API Version: An API specifies exactly what functions are documented to be supported by a server, what arguments they take and what it means to run this function, including what it returns. A servant could be documented to support more than one API Version which it could support by shunting the calls to different name spaces depending on what API version the client request says it is expecting to support.

Server Type Name: Say I am at hedge fund named HF and we have some code we use to do RDB computations and some to do HDB computations. Mserver could be configured with a plugin to know which queries should be sent to which servers because we realized that it is valuable to keep the data for the last 48 hours in RDB and the older information in HDB. This could turn out to be a major performance enhancement. It is powerful to allow mserve to rout the query to the right server without having to change the client, just based on things like start and end date of the query API call. A server type named HF_RDB and another HF_HDB, a dispatch alog could know that we expanded what we expanded from 24 hours in the RDB to 48 in the RDB at a certain point adn dispatch accordingly.

Server Type Version: We might want to gradually replace one server with another server because any of a number issues:

  • A code change that supports a new API, but still supports the old API.
  • A code change that supports a new API, but does not supports the old API.
  • A code change that improves efficiency or fix a bug and does not change any of the operation names, the arguments they take, what they do or what they return, so no need for any client to change and thus no need to have a new API ID.
  • A configuration change, such as moving from one EC2 instance type to another or changing an environment var that impacts how much memory the KTV instance is allowed to grow to use.

When a server administrator deploys a new servant, and wants to do it using canary capability, mserver needs a way to know which servant is intended to replace what other servant.

Secure Invocation: The practice of executing q functions or operations in a controlled manner, without evaluating arbitrary expressions. This mitigates security risks associated with executing client-provided strings, which might contain malicous code. Instead, Secure Invocation only allows execution of a limited number pre-defined functions, as in a conventional API call.

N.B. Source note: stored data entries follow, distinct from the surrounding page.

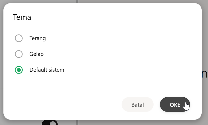 - Kemudian Anda bisa mengatur tema yang anda inginkan baik gelap atau terang. Kemudian klik OKE
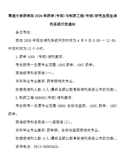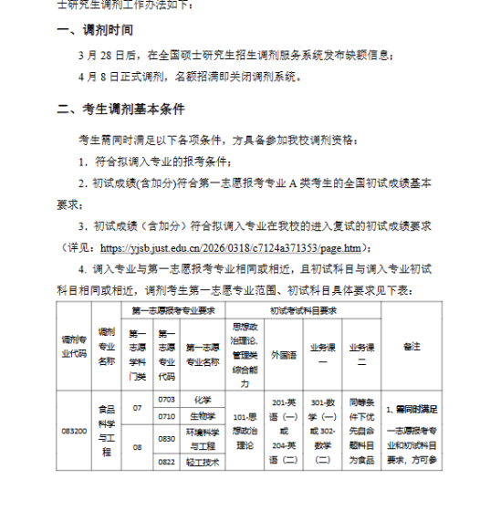 根据教育部、江苏省以及学校有关文件规定,现将我校2026年硕士研究生接收调剂事项通知如下:一、调剂基本条件1. 符合调入专业的报考条件。2. 初试成绩符合第一志愿A类考生的全国初试成绩基本要求及我校硕士研究生复试分数线。3. 调入专业应与第一志愿报考专业相同相近,初试科目与调入专业初试科目相同相近。4. 第一志愿报考工商管理、公共管理、旅游管理、会计、图书情报、工程管理、审计专业学位硕士的考生,在满足调入专业报考条件且初试成绩同时符合调出专业和调入专业在调入地区的全国初试成绩基本要求的基础上,可申请相互调剂,但不
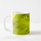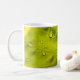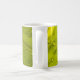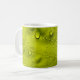 Water drops on green leaf coffee mug
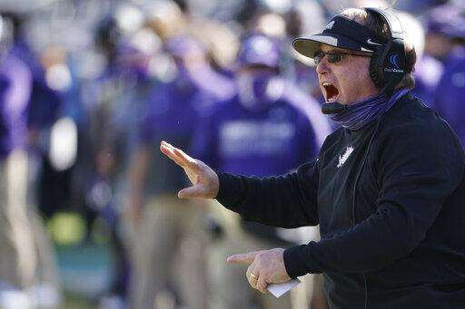 TCU head coach Gary Patterson gives instructions as TCU plays Oklahoma State during the first half of an NCAA college football game Saturday, Dec. 5, 2020, in Fort Worth, Texas. (AP Photo/Ron Jenkins) The Associated Press
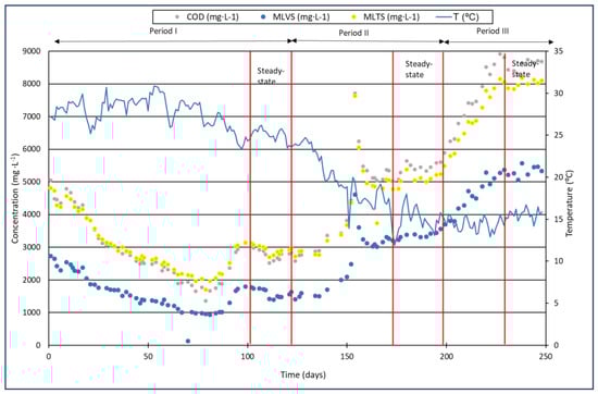 Changes in MLTS, MLVS, temperature and COD concentrations in the AnMBR during the three periods.
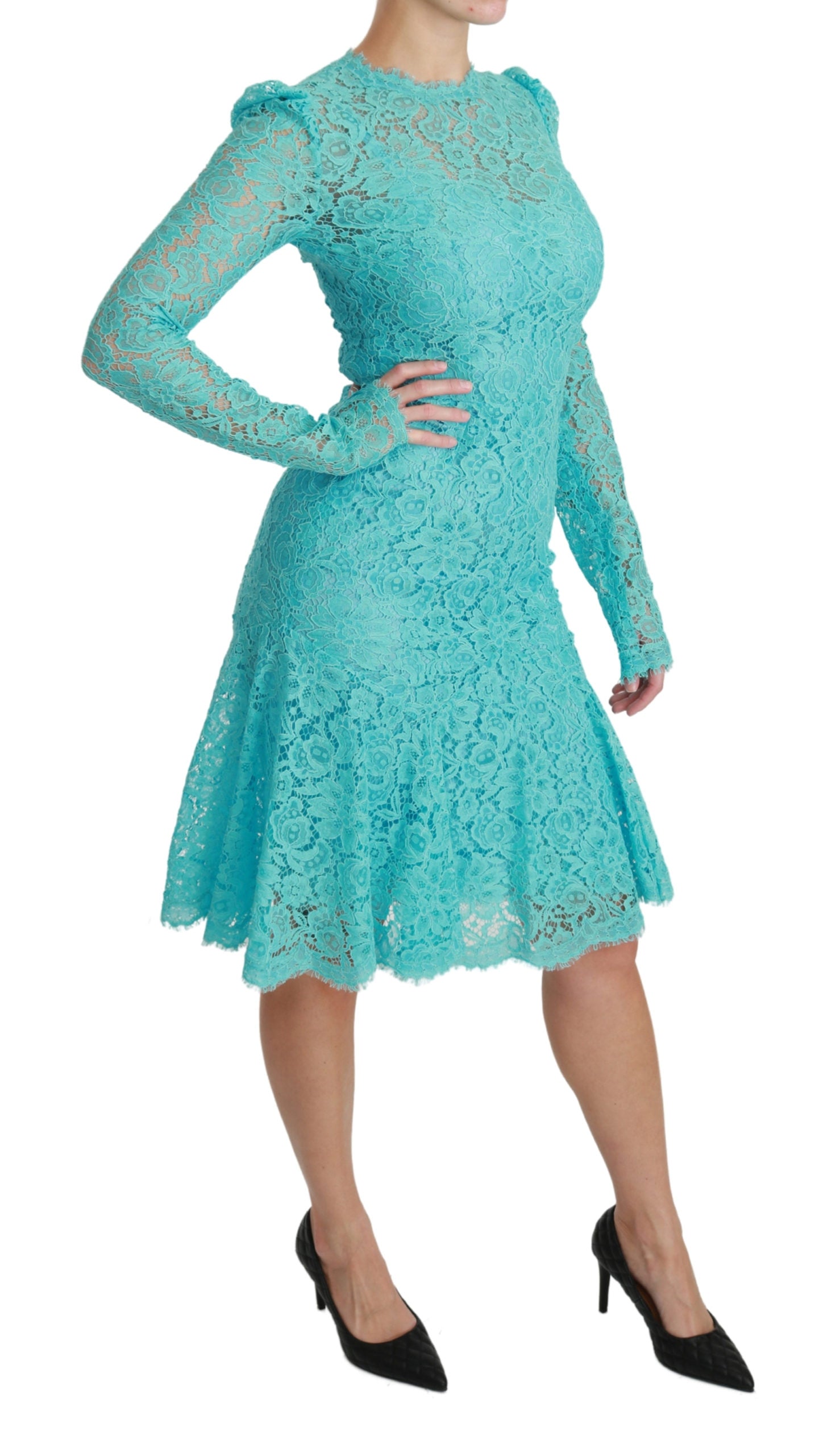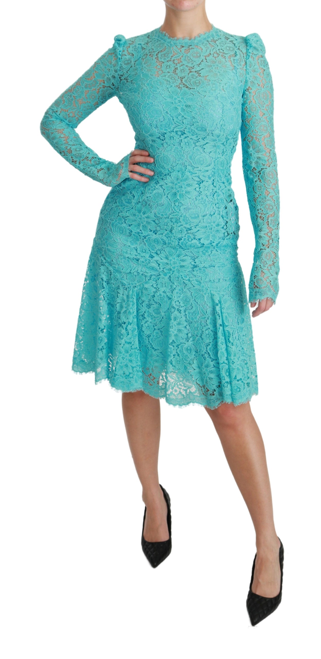 Blaues knielanges Spitzenkleid aus Baumwolle
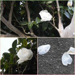 今日のお花 サザンカ 白い八重咲きの山茶花です。 日本原産の山茶花【サザンカ】 江戸時代に長崎の出島からヨーロッパに伝わり、和名がそのまま学名になった植物です。 『さざんか、さざんか、咲いた道..』と歌われる童謡、日本人にとって馴染みの深い植物です。
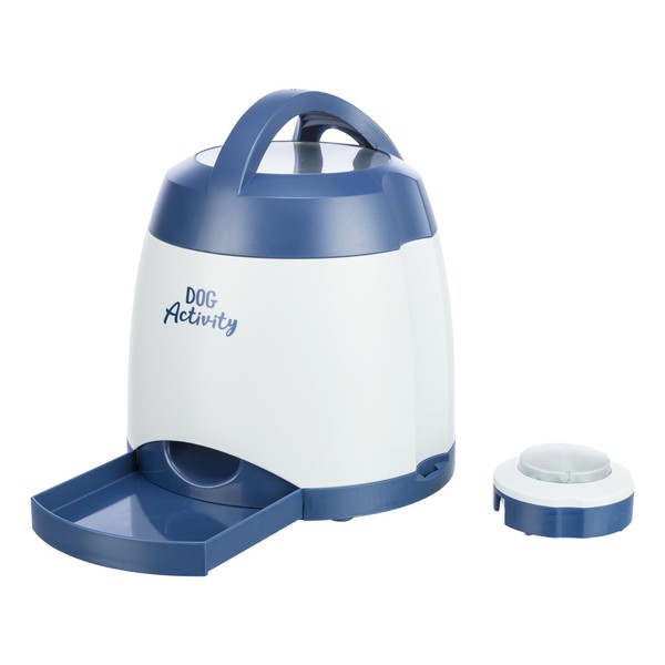- Dog earns reward by pressing the remote release button which triggers the food dispenser
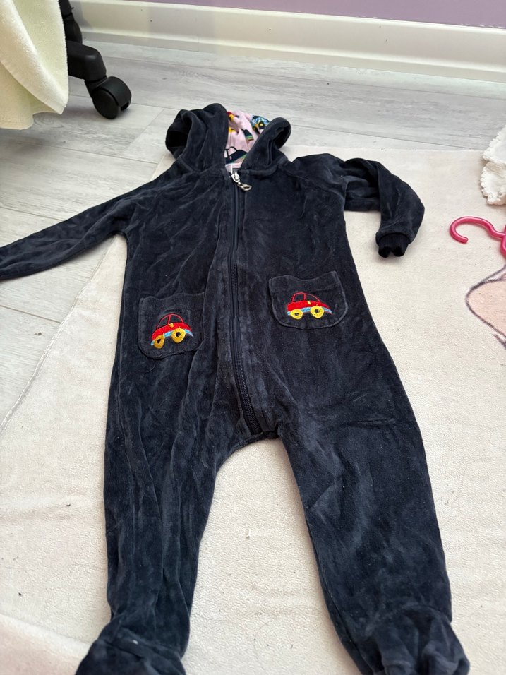 Kapüşonlu ve fermuarlı koyu gri bebek tulumu, yumuşak ve sıcak kumaştan üretilmiştir. Uzun kollu ve ceplerinde araba desenleri vardır.
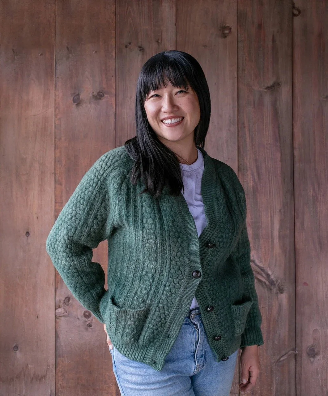 • The image is a headshot of Christina Chan wearing a green sweater and blue jeans in front of a wood paneled background.
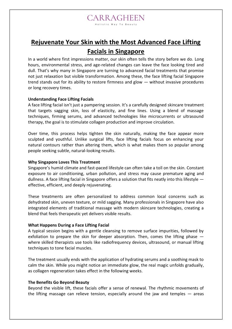 Rejuvenate Your Skin with the Most Advanced Face Lifting Facials in Singapore
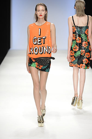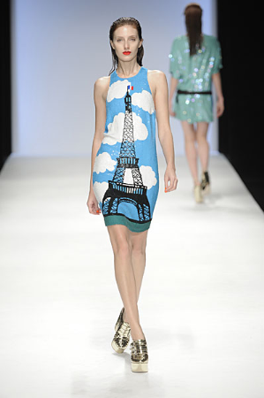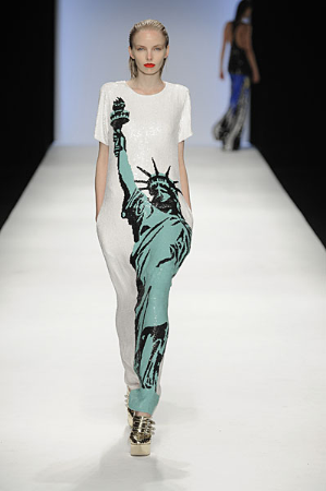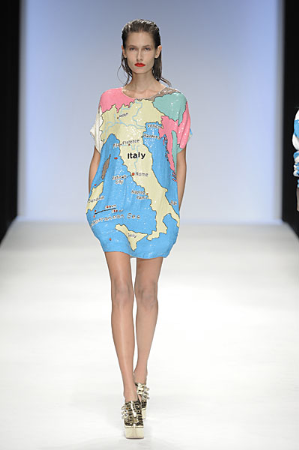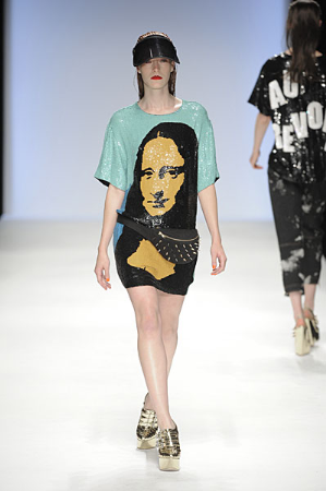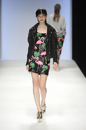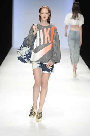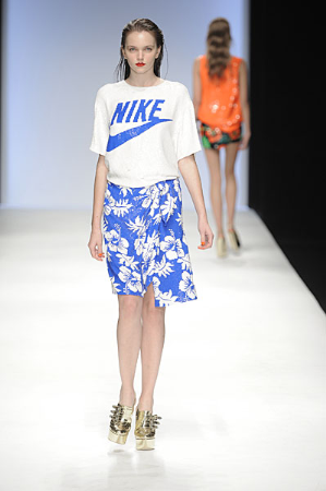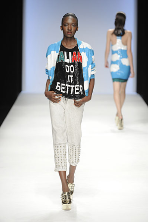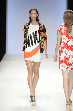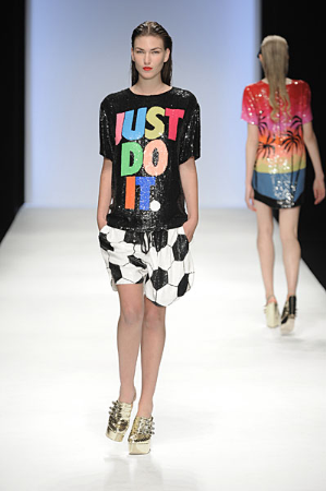 La passerella è un tripudio di colori flou, turchese, rosso, giallo, arancione, rosa, viola, scomposti a mo’ di mosaico in tante, tantissime pailettes e raccolti in forme inconsuete per un pret-a-porter: fenicotteri, coni gelato, statue della libertà, cartine geografiche, grattacieli e perfino la Gioconda. E poi, scorrendo le immagini, tra spalline borchiate (che attualmente non guastano, anzi, sembrano davvero immancabili), visiere in plexiglass e scarpe che più dorate non si può, spunta un segno globalmente riconosciuto: lo swoosh il logo della marca sportiva più famosa al mondo, la Nike, che ritorna anche nella citazione del suo slogan più celebre “Just do it”, immortalato in sequins multicolor su una maglia abbinata a un pantaloncino con fantasia “calcistica”, perfetta per accontentare il fidanzato che vuol rimanere a casa a guardare la partita nel pre-serata, e scatenarsi in pista fino all’alba, ed il tutto senza cambiarsi!
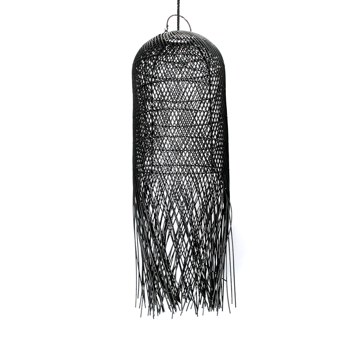 Die Squid Pendelleuchte ist eine schwarze Rattan Pendellampe, die durch Schatten, Textur und vertikalen Rhythmus Ruhe vermittelt. Ihre langgezogene Silhouette prägt sofort die Stimmung des Raumes.

In addition, Secure invocation must prevent execution of arbitary expressions which might appear in the arguments to the functions.

key characteristics

  • Reduces the risk of code injection attacks.
  • Allows execution of only a pre-defined set of commands.
  • Arguments are validated or sanitized before command is executed.

See: Interprocess Communication 101

Also for more details about Secure Invocation see: "Understanding secure_invocation.q" in examples/02quickauth/02quickauth.q.

Servant An instance of your api server managed my mserve. When used by itself "servant" might refer to either a "servant process" (an running instance of your api), or a "servant host" (the machine an instance of your api is running on).

Plugin A program that provides some optional functionality to a "main" program without modifying the main program's source code. The "main" program may provide code to load the plugins, but which plugins get loaded is determined at launch time, in our case by an environment variable. The environment variable Q_PLUGINS lists the plugins for the servant processes, while the variable MSERVE_PLUGINS lists the plugins for mserve_np.q itself.

Dispatch Algorithm A means of selecting a servant to run a particular query. In mserve_np.q, a dispatch algorithm is selected by copying it to the global variable "check". Currently, there are 3 dispatch algorithms available:

  • orig: From the original. Always select the first not-busy server from the top of the list.
  • even: Avoids unused or under-utilized servants. Always select the next not-busy server further down the list from last dispatch.
  • match: Attempts to improve performance by keeping similar queries on the same servant so that data will be "warm".

The "match" algorithm is the default. To use a different one, set the environment variable 'MSERVE_ALGO' when launching mserve. For example, to run with 5 instances of "servant.q" using the 'even' algorithm you could type:

MSERVE_ALGO="even" q mserve-np.q 5 servant.q -p 5000

New dispatch algorithms may be added as plugins, see "examples/04dispatch/04dispatch.md."

Routing String A string (or symbol) derived from a query expression which is used to help select the best servant on which to run that query. Only the "match" dispatch algorithm uses a routing string.

The default routing string is just the first argument to the command. That may be changed by setting the MSERVE_ROUTING env variable to "q" function definition which accepts the parsed expression and returns the routing string as a symbol. You can also override the "getRoutingSymbol" function from a plugin.

When do use this Technology?

Current Performance

  • When you think you are in a situation where spikes of incoming requests cause frequent slowdowns
    Consider option: Distributing requests across multiple servers using a load balancer to mitigate CPU saturation on any single node.

  • When you think you are in a situation where memory usage on one server is causing bottlenecks
    Consider option: Splitting data or queries among nodes so each node handles only a subset of the workload.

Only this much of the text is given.